### PROVIDED RECORDS

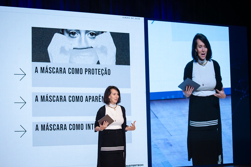 A partir da metáfora da máscara, que segundo ela sintetiza o espírito da época, Camila convidou a plateia a refletir sobre os sentidos possíveis desse símbolo na era da IA: proteção, aparência ou interface? Um QR code projetado no telão permitiu que o público participasse da dinâmica em tempo real. O resultado apontou “aparência” como o significado mais associado, revelando a inquietação com a linha cada vez mais tênue entre ilusão e realidade. “Interface” foi o segundo colocado, seguido por “proteção”.
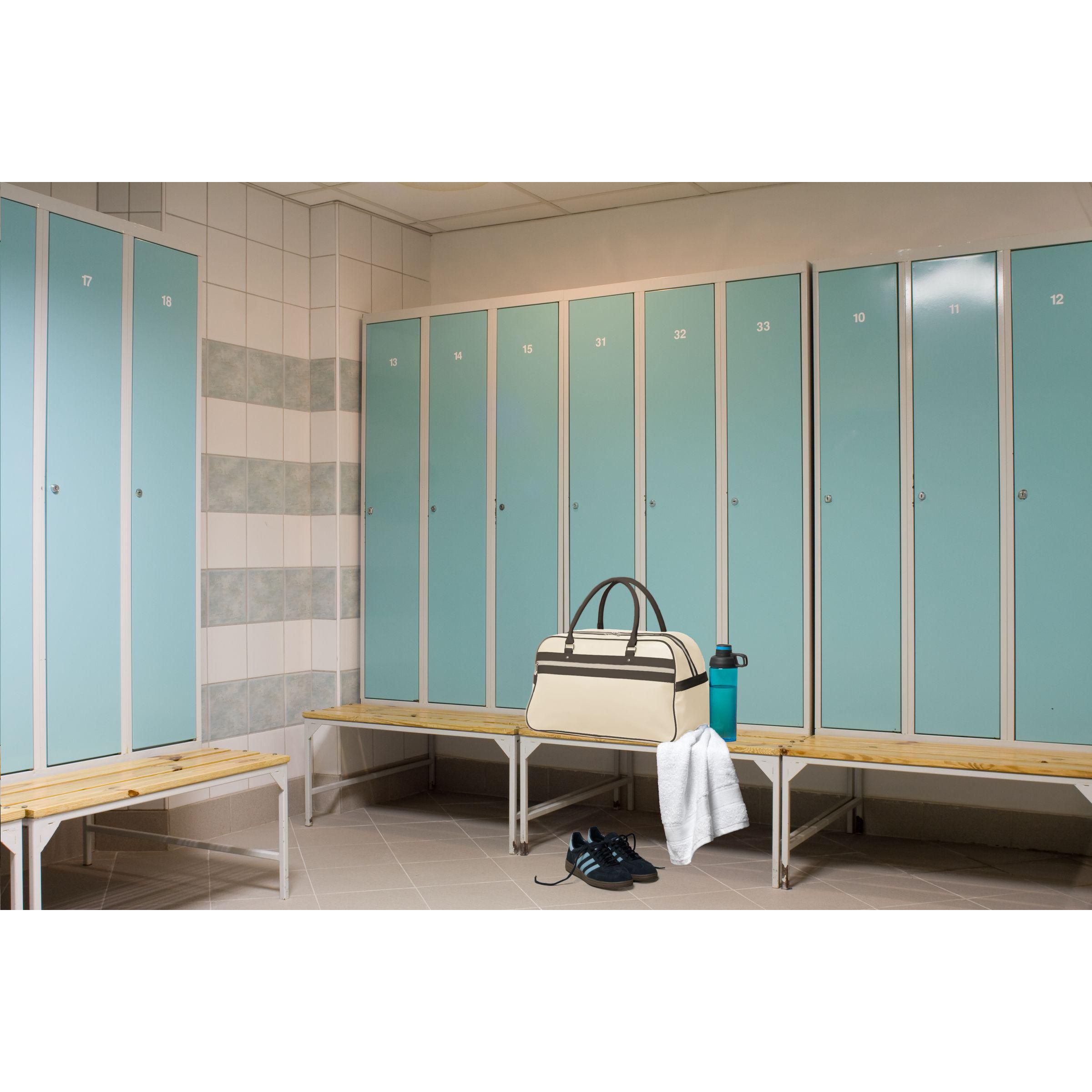 PVC/PU Sporttasche im 70er Jahre-Look mit gefütterter Innenseite, Hauptfach und Reißverschlussfach, 2 stabilen Handgriffen, Einlegeboden und Schutznoppen. Stilvoll verarbeitet mit hochwertigen Materialien, die eine extra lange Lebensdauer garantieren. Fassungsvermögen ca. 21,5 Liter.
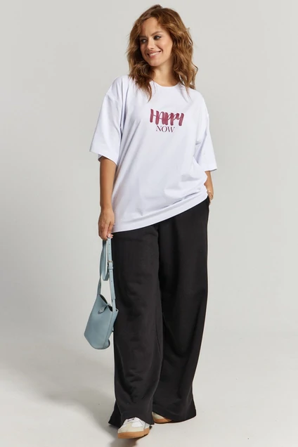 Овальная горловина, рукав свободного кроя спущен, по передней части надпись HAPPY NOW Свободный крой позволяет носить футболку как заправленной, так и навыпуск, создавая различные стилистические образы. Модель в едином размере (one size).
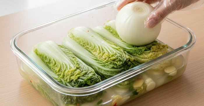 양파가 좋은 이유는 맛 때문만이 아니다. 양파에는 퀘르세틴 같은 항산화 성분이 들어 있어 발효 과정에서 유산균 활동을 돕는다. 특히 백김치는 양념이 많지 않아 재료의 자연스러운 힘이 발효에 직접 영향을 준다. 양파는 국물 맛을 부드럽게 하고 짠맛을 눌러주는 역할도 한다. 소금 농도가 강하지 않게 잡히기 때문에 백김치 특유의 깨끗한 맛을 더 오래 유지할 수 있다. 자연 효소가 발효를 정리해 주기 때문에 첫맛은 산뜻하고 뒷맛은 부드럽다.
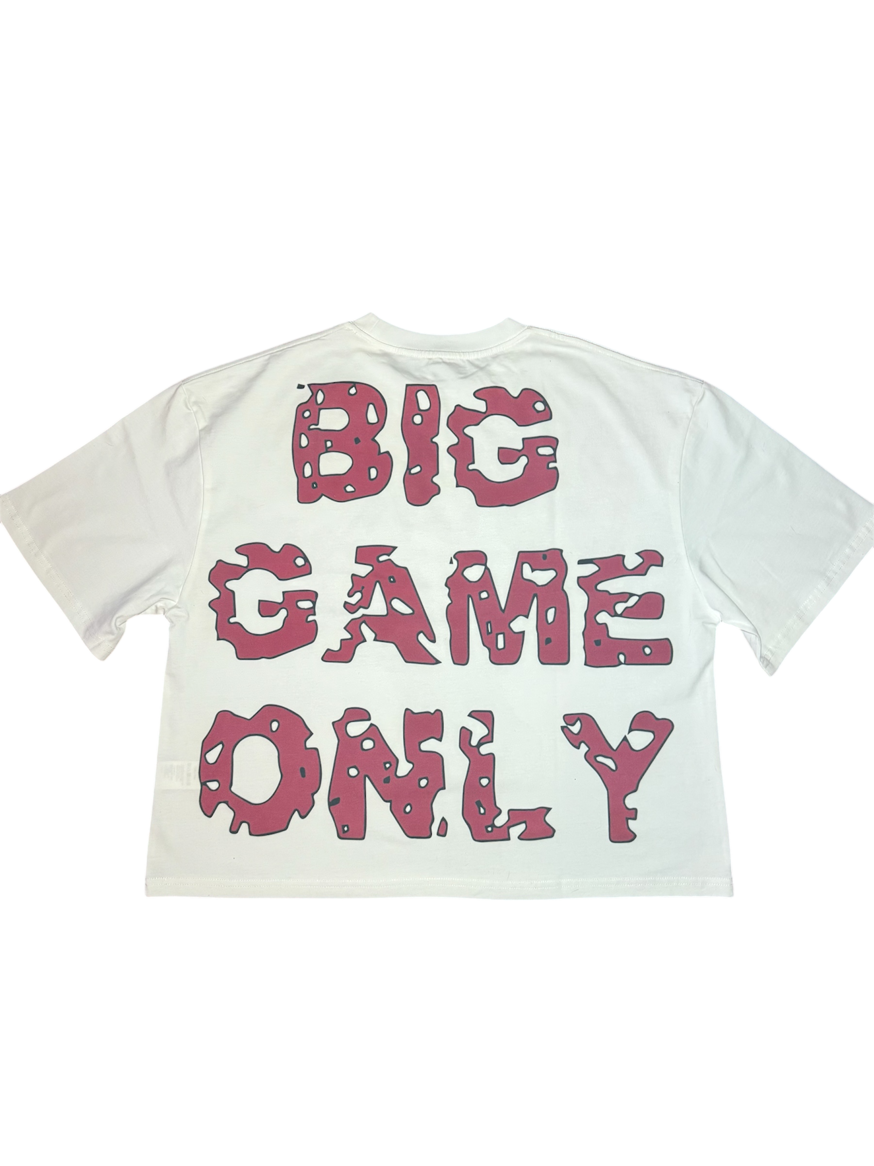 White "big game only" cropped tee
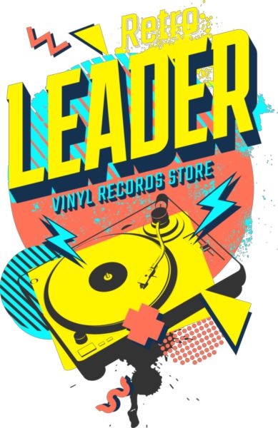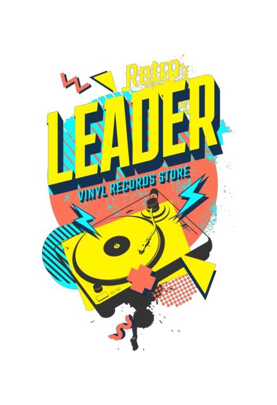 Ρετρό σχέδιο για «Retro Leader Vinyl Records Store». Κίτρινη τυπογραφία με μπλε σκιά, πικάπ και γεωμετρικά μοτίβα.

######

◆ **WHAT THE EXERCISE ASKS**: Exactly the lines from the line that contains "Овальная горловина, рукав" through the last line above, and no other lines, must be output, with pictures excluded.

◆ **WRITTEN RESPONSE**:
 Овальная горловина, рукав свободного кроя спущен, по передней части надпись HAPPY NOW Свободный крой позволяет носить футболку как заправленной, так и навыпуск, создавая различные стилистические образы. Модель в едином размере (one size).
 양파가 좋은 이유는 맛 때문만이 아니다. 양파에는 퀘르세틴 같은 항산화 성분이 들어 있어 발효 과정에서 유산균 활동을 돕는다. 특히 백김치는 양념이 많지 않아 재료의 자연스러운 힘이 발효에 직접 영향을 준다. 양파는 국물 맛을 부드럽게 하고 짠맛을 눌러주는 역할도 한다. 소금 농도가 강하지 않게 잡히기 때문에 백김치 특유의 깨끗한 맛을 더 오래 유지할 수 있다. 자연 효소가 발효를 정리해 주기 때문에 첫맛은 산뜻하고 뒷맛은 부드럽다.
 White "big game only" cropped tee
 Ρετρό σχέδιο για «Retro Leader Vinyl Records Store». Κίτρινη τυπογραφία με μπλε σκιά, πικάπ και γεωμετρικά μοτίβα.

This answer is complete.